From The Guardian review of Feeding Frenzy by Zulfikar Abbany, November 11, 2001
Feeding Frenzy sets a marker on Self’s career, not least because the unorthodox restaurant reviews he wrote for The Observer, from 1995-97, are collated here – reviews that afforded him a notoriety with which he colluded. While readers choked on their laughter, cooks across the country were after Self’s blood.
The selection in Feeding Frenzy is vast. Essays taken from art catalogues sit comfortably next to travel pieces and a notable interview with Salman Rushdie, a man, who, perhaps not unlike Self, has been ‘demonised by the media and popular perceptions’. But before reading any of Feeding Frenzy, it is advisable to consult the index, which covers not only the usual ‘people, places and things, but also ideas, obsessions and my own irritating stylistic tics’, so as to include ‘tongues, locking’, matching socks and shoes, co-ordinated foot- and sockwear’, and ‘snicker-snack, fateful, of psychosis’.

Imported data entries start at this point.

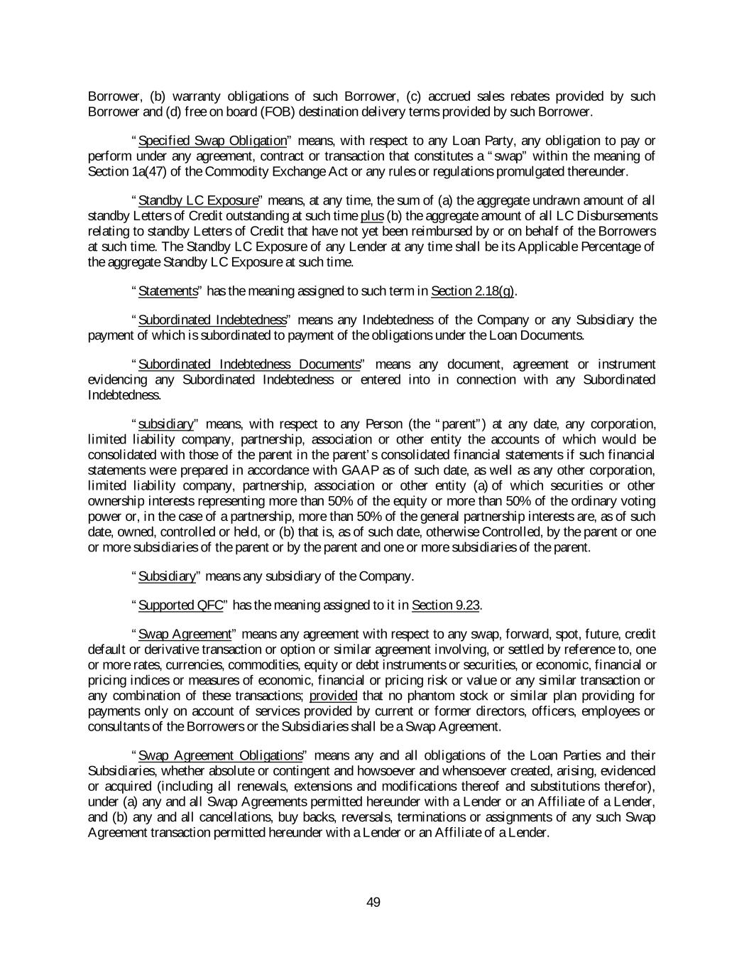 Borrower, (b) warranty obligations of such Borrower, (c) accrued sales rebates provided by such Borrower and (d) free on board (FOB) destination delivery terms provided by such Borrower. “Specified Swap Obligation” means, with respect to any Loan Party, any obligation to pay or perform under any agreement, contract or transaction that constitutes a “swap” within the meaning of Section 1a(47) of the Commodity Exchange Act or any rules or regulations promulgated thereunder. “Standby LC Exposure” means, at any time, the sum of (a) the aggregate undrawn amount of all standby Letters of Credit outstanding at such time plus (b) the aggregate amount of all LC Disbursements relating to standby Letters of Credit that have not yet been reimbursed by or on behalf of the Borrowers at such time. The Standby LC Exposure of any Lender at any time shall be its Applicable Percentage of the aggregate Standby LC Exposure at such time. “Statements” has the meaning assigned to such term in Section 2.18(g). “Subordinated Indebtedness” means any Indebtedness of the Company or any Subsidiary the payment of which is subordinated to payment of the obligations under the Loan Documents. “Subordinated Indebtedness Documents” means any document, agreement or instrument evidencing any Subordinated Indebtedness or entered into in connection with any Subordinated Indebtedness. “subsidiary” means, with respect to any Person (the “parent”) at any date, any corporation, limited liability company, partnership, association or other entity the accounts of which would be consolidated with those of the parent in the parent’s consolidated financial statements if such financial statements were prepared in accordance with GAAP as of such date, as well as any other corporation, limited liability company, partnership, association or other entity (a) of which securities or other ownership interests representing more than 50% of the equity or more than 50% of the ordinary voting power or, in the case of a partnership, more than 50% of the general partnership interests are, as of such date, owned, controlled or held, or (b) that is, as of such date, otherwise Controlled, by the parent or one or more subsidiaries of the parent or by the parent and one or more subsidiaries of the parent. “Subsidiary” means any subsidiary of the Company. “Supported QFC” has the meaning assigned to it in Section 9.23. “Swap Agreement” means any agreement with respect to any swap, forward, spot, future, credit default or derivative transaction or option or similar agreement involving, or settled by reference to, one or more rates, currencies, commodities, equity or debt instruments or securities, or economic, financial or pricing indices or measures of economic, financial or pricing risk or value or any similar transaction or any combination of these transactions; provided that no phantom stock or similar plan providing for payments only on account of services provided by current or former directors, officers, employees or consultants of the Borrowers or the Subsidiaries shall be a Swap Agreement. “Swap Agreement Obligations” means any and all obligations of the Loan Parties and their Subsidiaries, whether absolute or contingent and howsoever and whensoever created, arising, evidenced or acquired (including all renewals, extensions and modifications thereof and substitutions therefor), under (a) any and all Swap Agreements permitted hereunder with a Lender or an Affiliate of a Lender, and (b) any and all cancellations, buy backs, reversals, terminations or assignments of any such Swap Agreement transaction permitted hereunder with a Lender or an Affiliate of a Lender. 49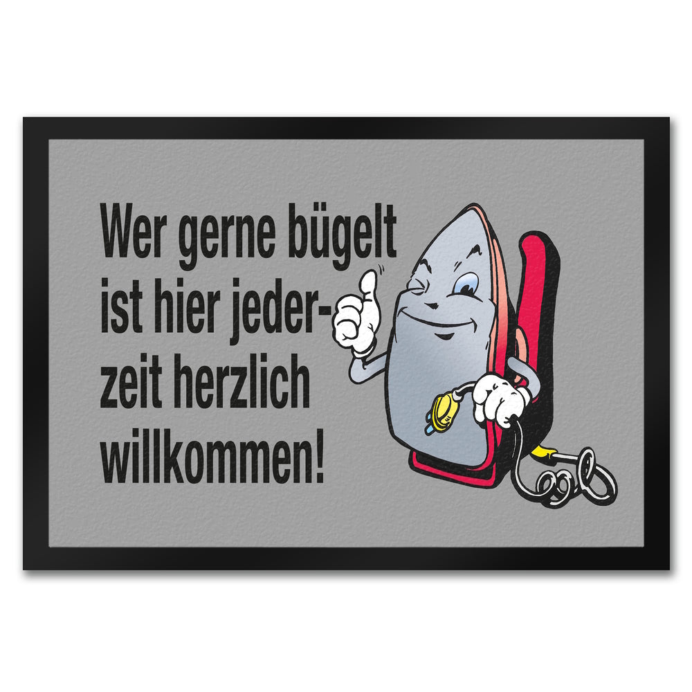Lächelndes Bügeleisen Fußmatte in 35x50 cm mit Spruch: Freunde des Bügelns willkommen!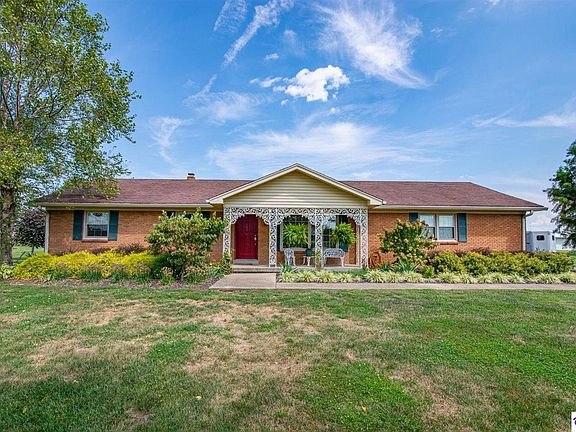 What everyone wants...a lovely home sitting on almost 5 acres, with horse facilities, less than 15 minutes from town, right? This property checks all those boxes and more! This beautiful, meticulously designed brick home will greet you at the front porch with custom railing by local wrought ironworks artisan John Mills, of John Mills Ornamental Iron Works. It was fashioned in the scrolled baluster design. It emulates qualities in common with New Orleans supportive filigree style railings and panel. As you enter the home, you will find architectural detail, and a polished finish in the living room, dining room and through the home with custom designed, crisp, white crown molding. The kitchen boasts custom cabinetry by local cabinetry designer Walters Cabinets. It also features elegant granite countertops! This home has a 13'X23' primary suite, mostly finished basement, fireplace, scenic screened porch, breathtaking landscaping and 2 car garage w/automatic openers. This property also features a picturesque red metal barn with 4 horse stalls...one being a foaling stall. Each stall has rubber matting for equine comfort. The barn has a COVERED RIDING RING, tack room, Run-In shed, chicken coop and equipment storage area. The riding ring was specifically designed with large, medium and fine grade rock with a compressed clay surface. This one of a kind property has black rail horse fencing, high tensile fencing and automatic watering system. Some may call it a Hobby Farm, you better call it yours, Quickly!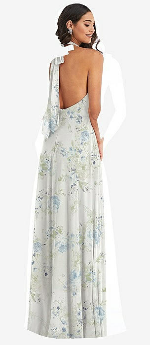 Shirred Halter Chiffon Maxi Dress with Back Sash-Tie Closure in bleu garden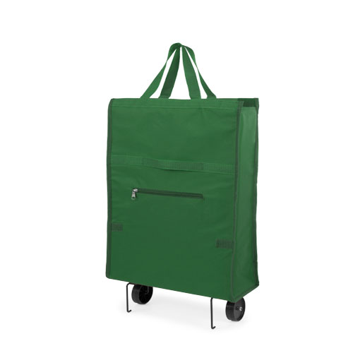 carro de compra plegable en resistente poliéster 600d de variada gama en vivos colores. con asas de nylon reforzadas a juego, bolsillo de cremallera frontal a juego y soportes metálicos. plegado de pequeño tamaño.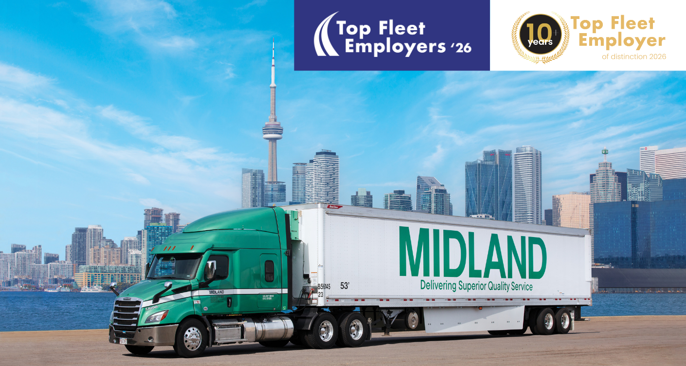 (April 2026 – Ottawa, ON) – Midland is proud to announce that it has been named a Top Fleet Award recipient for the 11th consecutive year by Trucking HR Canada. This recognition further reinforces Midland’s long-standing commitment to excellence in HR policies and practices within the trucking industry.
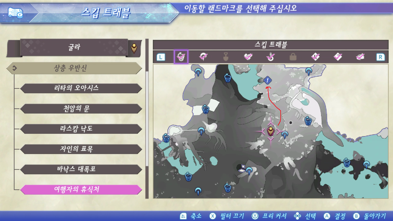 굴라 > 상층 우반신 > 여행자의 휴식처로 이동해서 지도를 보고 이동한다.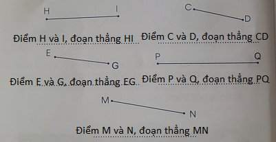 Bài 1. Viết tên các điểm và các đoạn thẳng trong hình sau (theo mẫu):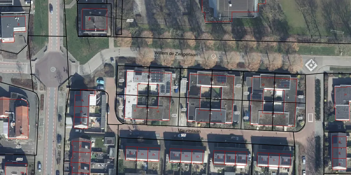 Gebruik de zoekbalk of klik op een perceel om informatie over het perceel te bekijken.

Self has always considered himself a writer, as opposed to either an author and/or a journalist. He writes to commission. And although there are certain things he would rather not touch, such as reviewing the screenplay of Natural Born Killers, throughout this collection he displays a severe knack for turning the merest detail into the most essential one. Just turn to the index and look up Barratt Homes and read how Self indulged one Friday morning in ‘reverse commuting’ to discover that there existed at least one word that, until then, he didn’t know: ‘flaunching’.